You can explore fractals on-line:

If you want to program your own fractals, you can get ideas of easy fractals by looking at Chapter 8 of The Nature of Code by Daniel Shiffman.

20.7 Recursive Binary Search¶

Recursion can be also be used to perform a binary search. Here is a non-recursive binary search from Chapter 15:

Non-recursive binary search¶

def binary_search_nonrecursive(search_list, key):
    lower_bound = 0
    upper_bound = len(search_list) - 1
    found = False
    while lower_bound < upper_bound and found == False:
        middle_pos = (lower_bound + upper_bound) // 2
        if search_list[middle_pos] < key:
            lower_bound = middle_pos + 1
        elif search_list[middle_pos] > key:
            upper_bound = middle_pos
        else:
            found = True

    if found:
        print( "The name is at position",middle_pos)
    else:
        print( "The name was not in the list." )

binary_search_nonrecursive(name_list,"Morgiana the Shrew")

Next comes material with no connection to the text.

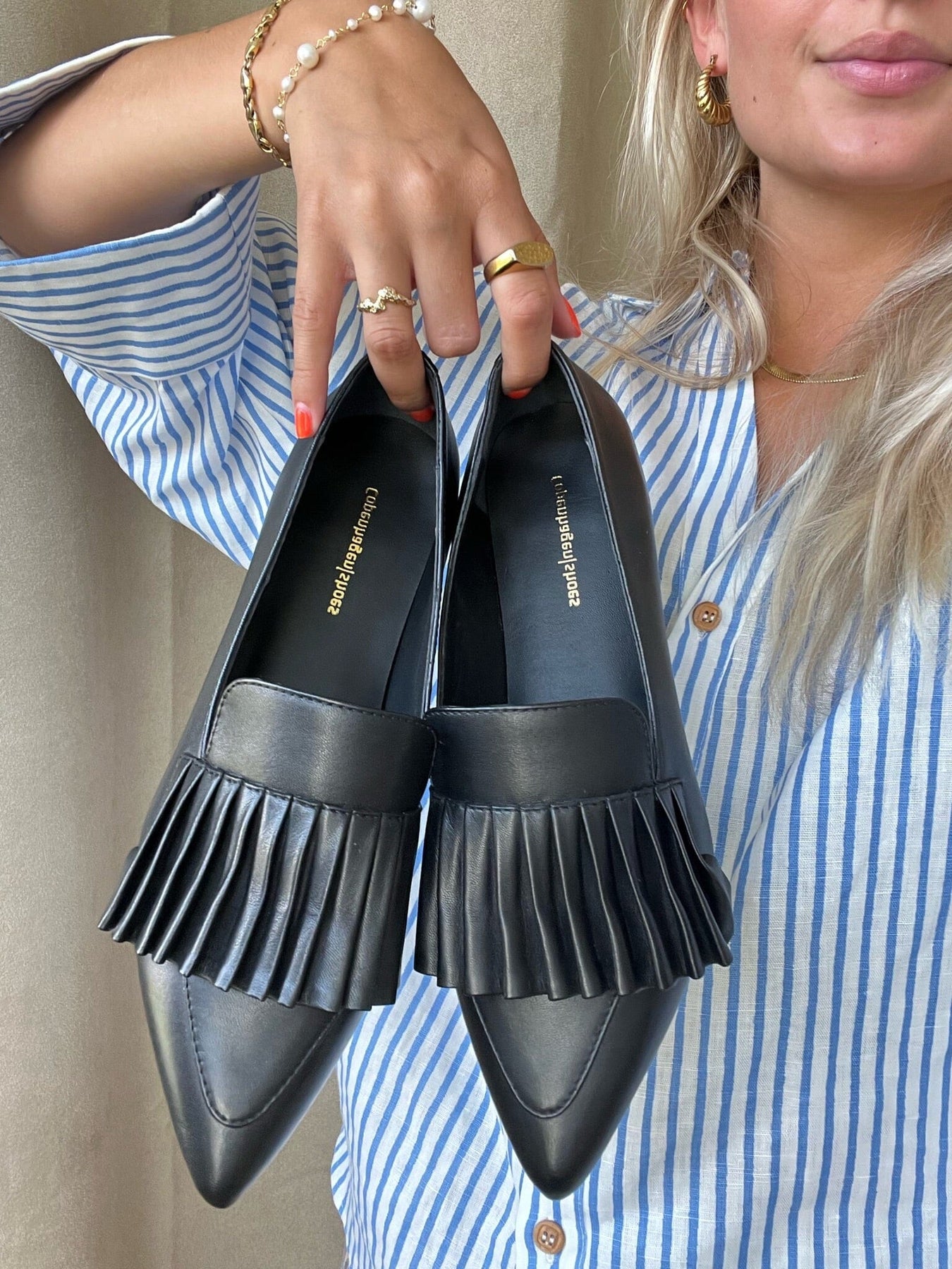 Schwarze Loafer von Copenhagen Shoes aus Leder mit spitzem Zeh. Die plissierte Vorderseite verleiht dem Schuh eine schöne Detailarbeit, die sowohl zu formellen als auch zu festlichen Anlässen getragen werden kann.

This same binary search written in a recursive manner:

Recursive binary search¶

def binary_search_recursive(search_list, key, lower_bound, upper_bound):
    middle_pos = (lower_bound + upper_bound) // 2
    if search_list[middle_pos] < key:
        binary_search_recursive(search_list,
                                key,
                                middle_pos + 1,
                                upper_bound)
    elif search_list[middle_pos] > key:
        binary_search_recursive(search_list,
                                key,
                                lower_bound,
                                middle_pos )
    else:
        print("Found at position", middle_pos)

lower_bound = 0
upper_bound = len(name_list) - 1
binary_search_recursive(name_list,
                        "Morgiana the Shrew",
                        lower_bound,
                        upper_bound)